Task brief – What you write must match, character for character, the lines from the one with "The selection filter" down to the one with "Kennedy's head being" in the listing below, minus its pictures.

Data excerpts –

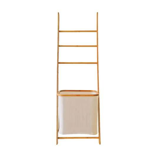 Wall Leaning Ladder Shelf with Laundry Basket Clothes Hamper Bath Towel Rack
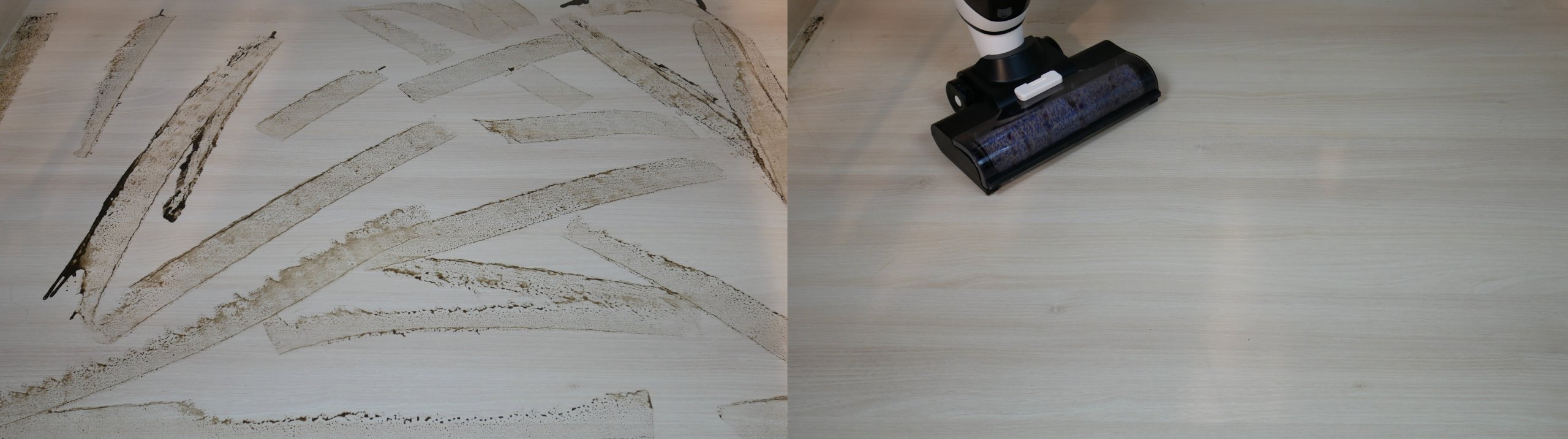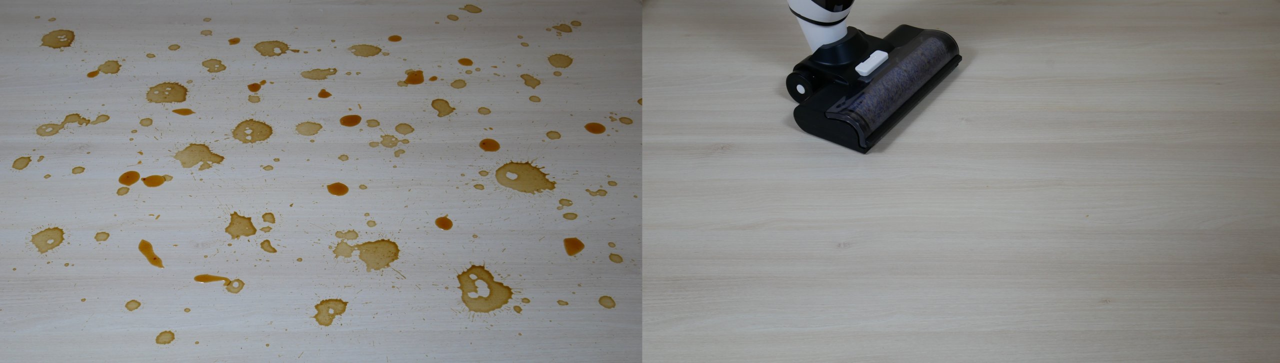 La siguiente prueba consistió en eliminar manchas secas de café y salsa. La Genio Magic Wash T10 tuvo dificultades para eliminarlas. Tardó casi 10 minutos. Sin embargo, tenga en cuenta que el suelo se lavó con agua limpia. Si hubiera añadido un limpiador sin espuma al depósito, creo que la aspiradora habría terminado la tarea más rápido.
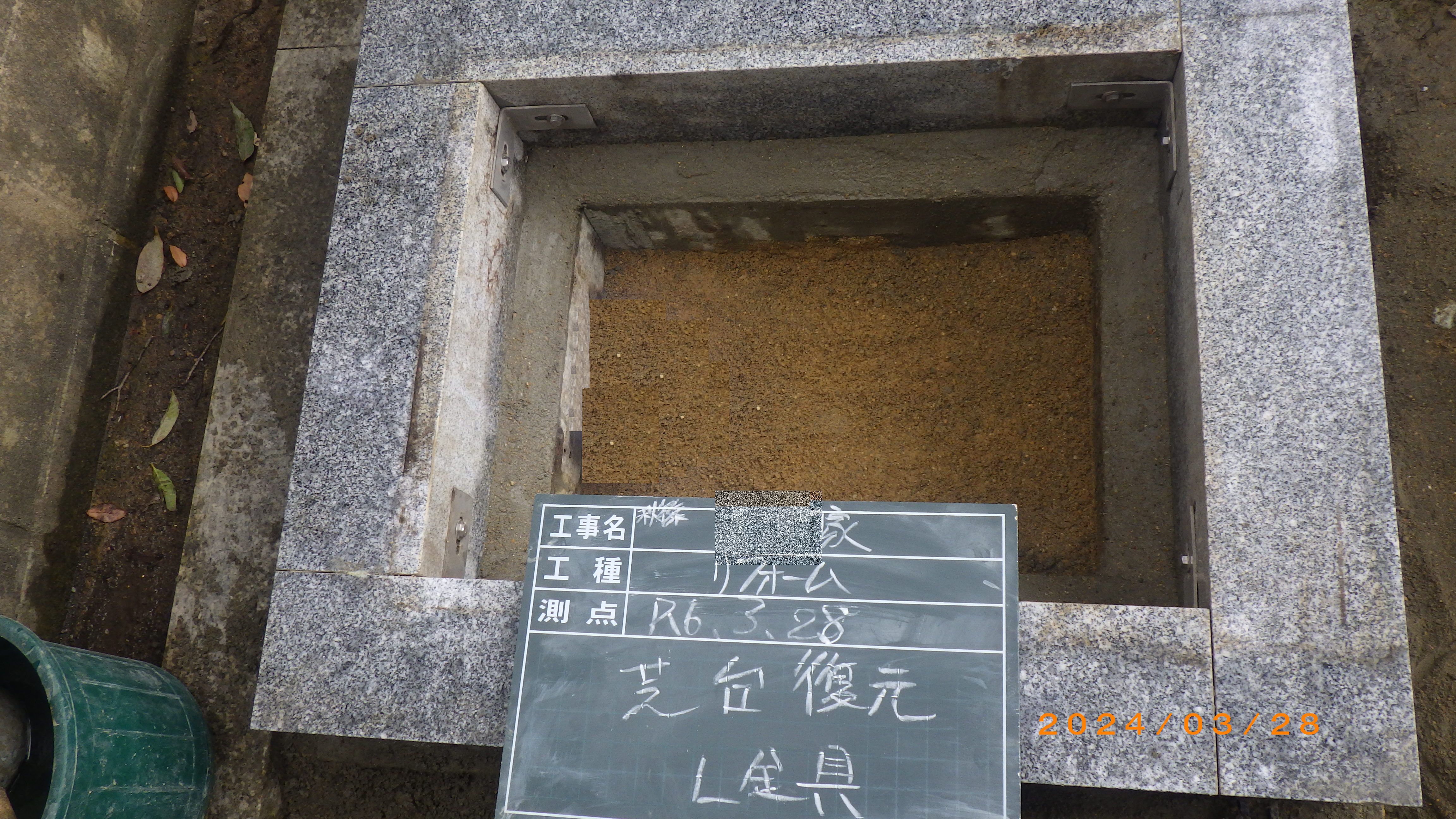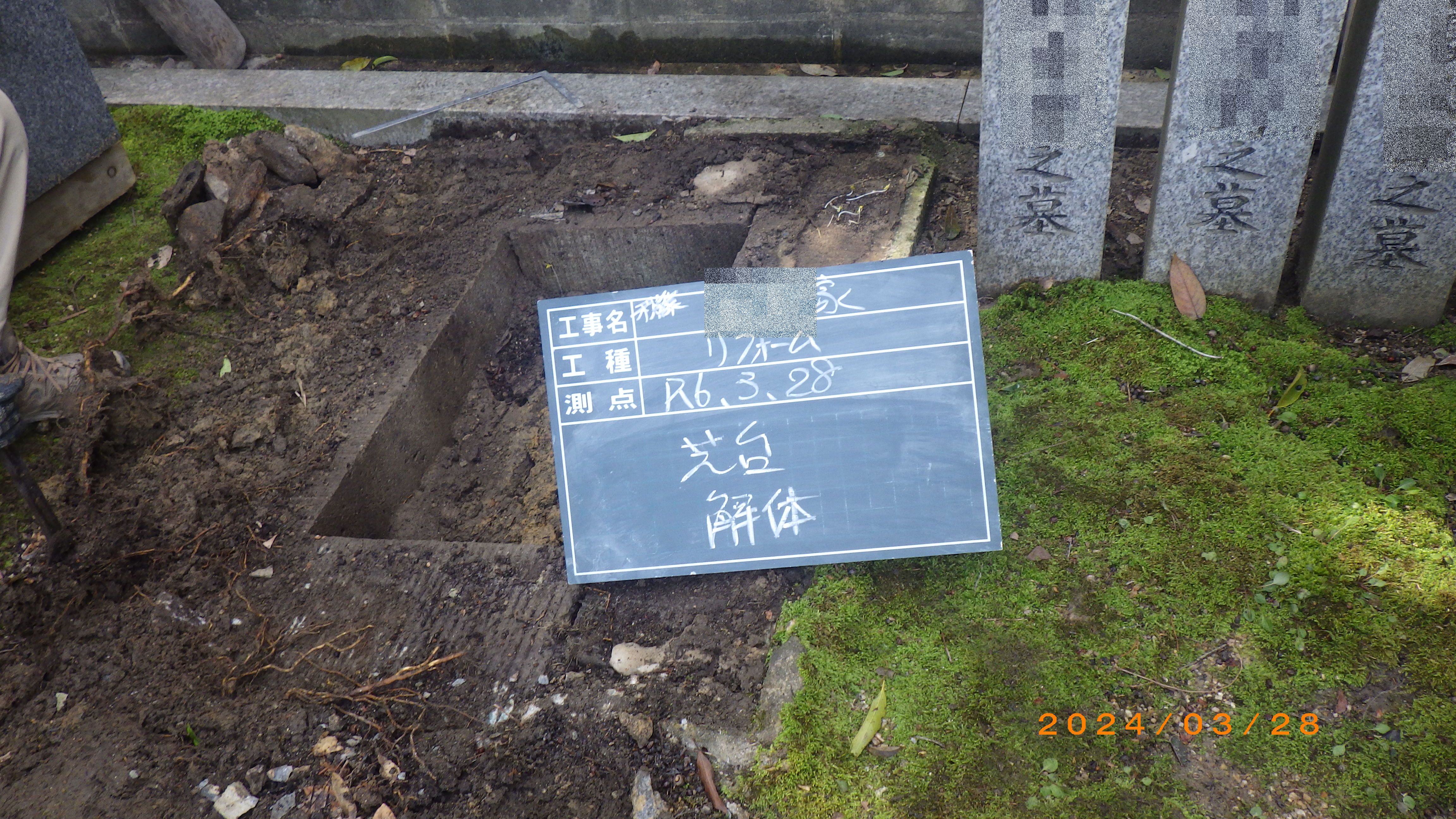 写真は、石塔および芝台の解体を済ませた、というところです。
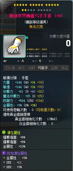 神秘弓手手套 > 雙爆+10全屬/17星/r捲/附加稀有兩排 > 2000$(售出)
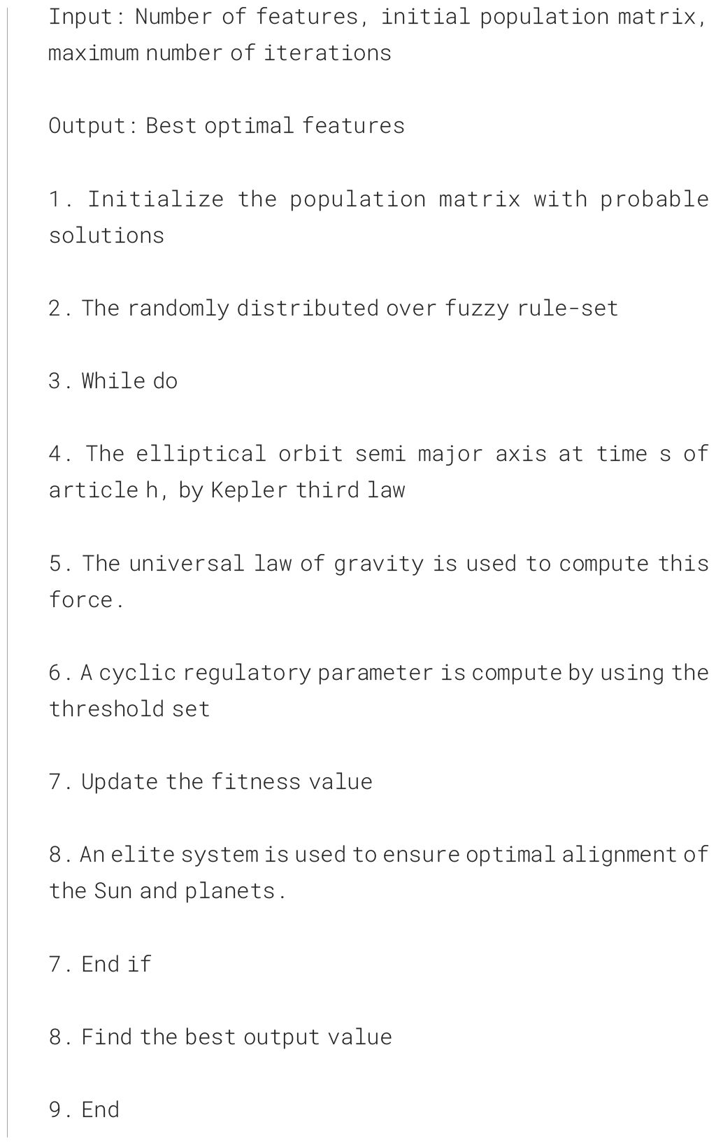 In the context of identifying plant diseases, feature extraction often leads to a database that contains a variety of in-depth features. However, not all of these features are relevant or necessary for the classification of diseases. Feature optimization aims to reduce the dimensions of the dataset by identifying and retaining only the most important features that contribute efficiently to the classification task. By removing the less useful features, the model becomes more efficient, faster, and less prone to overfitting, thereby improving its performance and generalization capability. To optimize the features in this work, the two-stage Kepler optimization algorithm (DSKO) is used. DSKO is a metaheuristic algorithm inspired by nature and based on Kepler’s laws of planetary motion, which determine the movement of celestial bodies in space (Cai et al., 2025). The populace size is the numeral of planets that reflect the optimization problem’s decision parameters, is dispersed randomly over fuzzy sizes in the manner described in Equation 9:
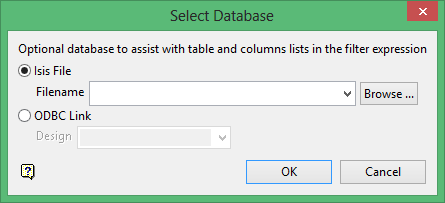 The selection filter can be applied to a nominated Isis database or ODBC link. Selecting a database will result in table and field lists being provided through the Build Expression panel.
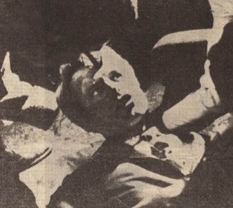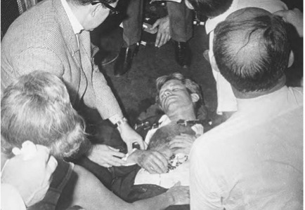 Kennedy's head being supported by helpers after being shot.
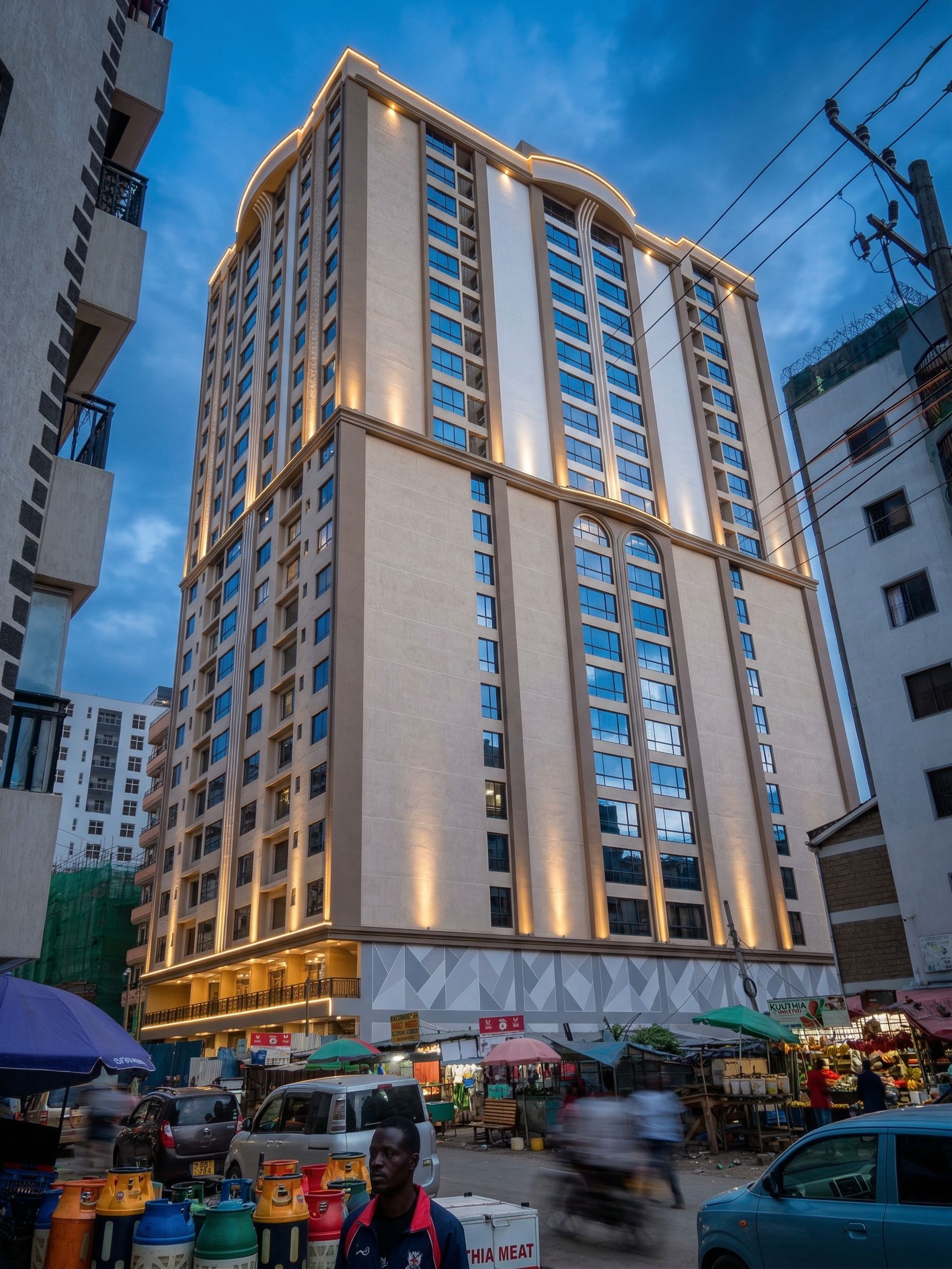 Exterior of a building with pastel grey and white wall master on the wall. Make glass clear, realistic and reflective. Introduce rope lights and spot lights in the building. Turn on the lights. Make render high resolution 8k. Make building beige..use a darker shade of beige on pillars ,beams and moldings. Use brilliant white wall master on the building., keep exact camera angle
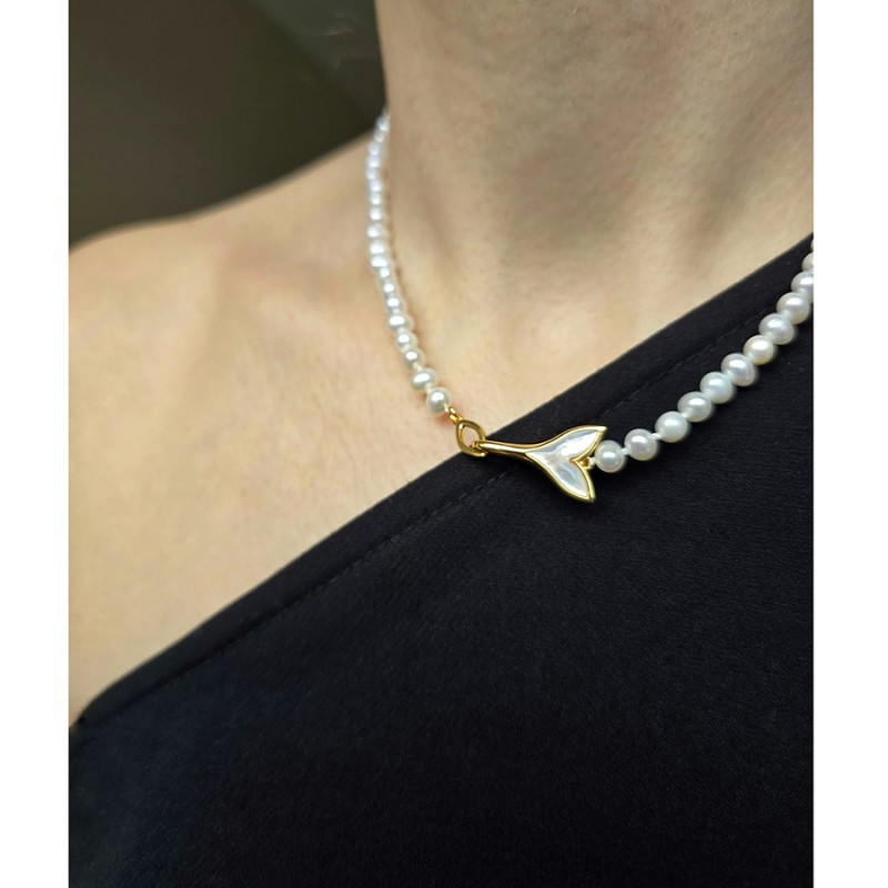 Colier clasic, la baza gatului realizat cu perle de cultura de apa dulce semisferice cu luciu foarte bun, culoare naturala-alb si inchizatoare decorativa din argint 925 placat cu aur galben si decorata cu sidef.

Solution below –
 The selection filter can be applied to a nominated Isis database or ODBC link. Selecting a database will result in table and field lists being provided through the Build Expression panel.
 Kennedy's head being supported by helpers after being shot.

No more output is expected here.